What needs to be done:
Please copy the data exactly as it stands, minus the images.

Recorded information:

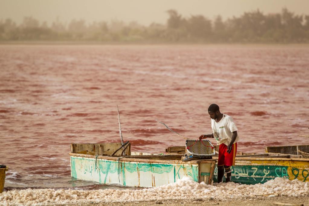 图为2015年3月29日,在塞内加尔玫瑰湖,当地居民在湖边收盐。(新华社记者李京摄)
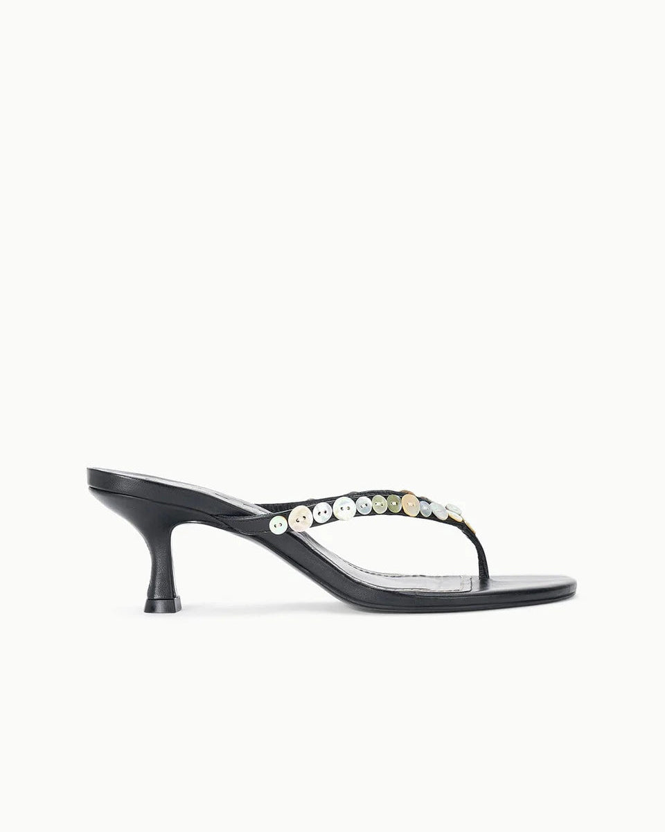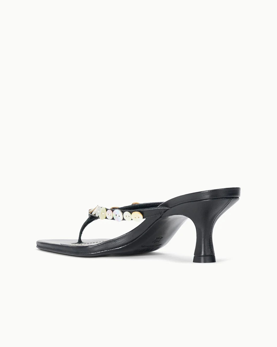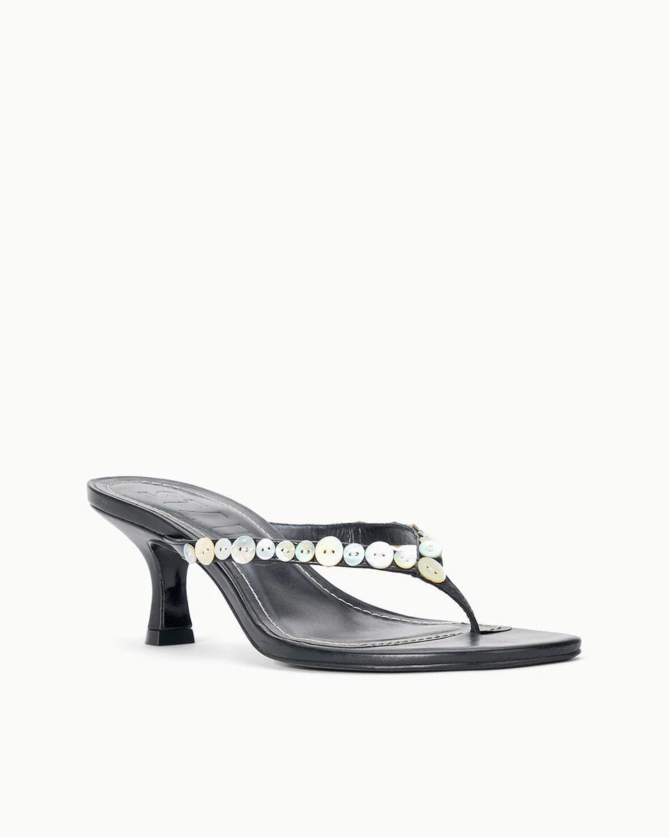 A delicate thong-style kitten heel crafted in supple leather with a striking mother of pearl button detail at the upper. The modest heel offers all-day comfort while the refined silhouette makes it effortlessly versatile—perfect for elevating casual looks or adding understated elegance to dressier occasions.
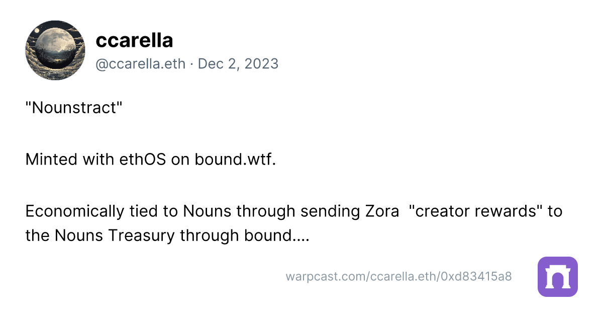 https://zora.co/collect/base:0xed5e62118f4f9d061a696e51b3df8fbd70f51870/1https://zora.co/collect/zora:0xdfc4bb739c92630a2af7102ed076448c0ca28287/3Bound.wtf is a new tool by wiz that lets users mint NFTs that accrue referral rewards back to the Nouns DAO treasury. Check out some mints using the tool from users in the Builderverse below. Could this be a useful tool to build for Builder DAO and integrate into drops.wtf? 👀

Response area:
 图为2015年3月29日,在塞内加尔玫瑰湖,当地居民在湖边收盐。(新华社记者李京摄)
 A delicate thong-style kitten heel crafted in supple leather with a striking mother of pearl button detail at the upper. The modest heel offers all-day comfort while the refined silhouette makes it effortlessly versatile—perfect for elevating casual looks or adding understated elegance to dressier occasions.
 https://zora.co/collect/base:0xed5e62118f4f9d061a696e51b3df8fbd70f51870/1https://zora.co/collect/zora:0xdfc4bb739c92630a2af7102ed076448c0ca28287/3Bound.wtf is a new tool by wiz that lets users mint NFTs that accrue referral rewards back to the Nouns DAO treasury. Check out some mints using the tool from users in the Builderverse below. Could this be a useful tool to build for Builder DAO and integrate into drops.wtf? 👀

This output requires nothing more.